MRL sponsored my professional jousting for a few years and I still have good relations with them. However, with that being said, I would not wear their clothing in any context having to do with my LH group. I have worn their clothing for various jousting show gigs that I have done. Lisa, my wife, constantly spoke with them about the design and material of their clothes during that time. What we were told is that they are selling mostly to the Rennie group (my words) or those that want to have the "period" look, but really don't care about authenticity.

They have also found that there is a bigger market in their movie related product than in their "historically" based ones, and that they will be phasing much of their historical armour out (especially the steel helmets).

I like my period clothing to be as period as possible (in fact, I recently picked up 5 bags of Flax Tow to stuff my helmet liner), within the constrains of our budget (I am also trying to purchase enough "stock" to outfit many of the others in my LH group until they can afford to buy the products themselves).

So I apologise for giving the wrong impression with my initial post. Now - Don't these three items look more 14th century to you?
Hehe, thanks for the clarification Lloyd ;) Actually, I figured you were talking about 14th cen garb, and my personal answer still stands: I think it is a great style that I would have replicated from period materials. The padded coif itself I think I'll draw a pattern up for and make. I like how it covers the majority of the shoulders as well - I'm a bony guy and the more padding the better on an area prone to hits!

Actually Lloyd, I first became aware of you several years ago when I saw a pic of you in my MRL magazine ;)
What about the burgundy and mustard colored Tiberias Gambeson? I love how that looks. I wish it was in different colors and made by a more 'reliable' company...I have bought clothes from MRL before...and well...they're not great....Personally though, that gambeson reminds me of some 1300's-1400's French/English stuff I have seen...and I rather like it...hmmm
I'd order the hospitaller tunic if it weren't so hideously expensive. Then I'd trash the ridiculous fake maille, cut off the lower half and wear it with my normal clothes. :D

I'll have to find out who the manufacturer is, perhaps it's possible to get them $110 cheaper without the maille strips.
Anton de Vries wrote:
I'd order the hospitaller tunic if it weren't so hideously expensive.
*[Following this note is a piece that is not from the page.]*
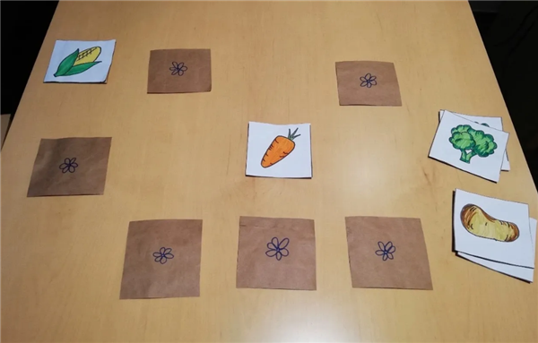 先观察记忆6组卡片,每种分别有两个一样的,依次按邻居顺序摆放,上面一排打开,记忆下面一排,记好后盖起来,老师说图案小朋友翻卡片。

Then I'd trash the ridiculous fake maille, cut off the lower half and wear it with my normal clothes. :D


Why, Anton! You don't like the cheesy maille that's been turned 90 degrees? Gee... :p :D
Aaron Schnatterly wrote:
Anton de Vries wrote:
I'd order the hospitaller tunic if it weren't so hideously expensive. Then I'd trash the ridiculous fake maille, cut off the lower half and wear it with my normal clothes. :D


Why, Anton! You don't like the cheesy maille that's been turned 90 degrees? Gee... :p :D


Send me $110 and I'll send you the maille strips. :lol:
Is the mail real? If so, I really like that feature. If it is meant to be a costume, (which it is) it negates the use of a full hauberk beneath and is somewhat more economical. I'm sorry, but I think this is a really cool feature; I find it extremely ingenious.
Anton de Vries wrote:
Send me $110 and I'll send you the maille strips. :lol:


PM sent.




Ok, maybe not. I've got about 25,000 rings to weave already. I'll settle for the whole armour under a correct tunic...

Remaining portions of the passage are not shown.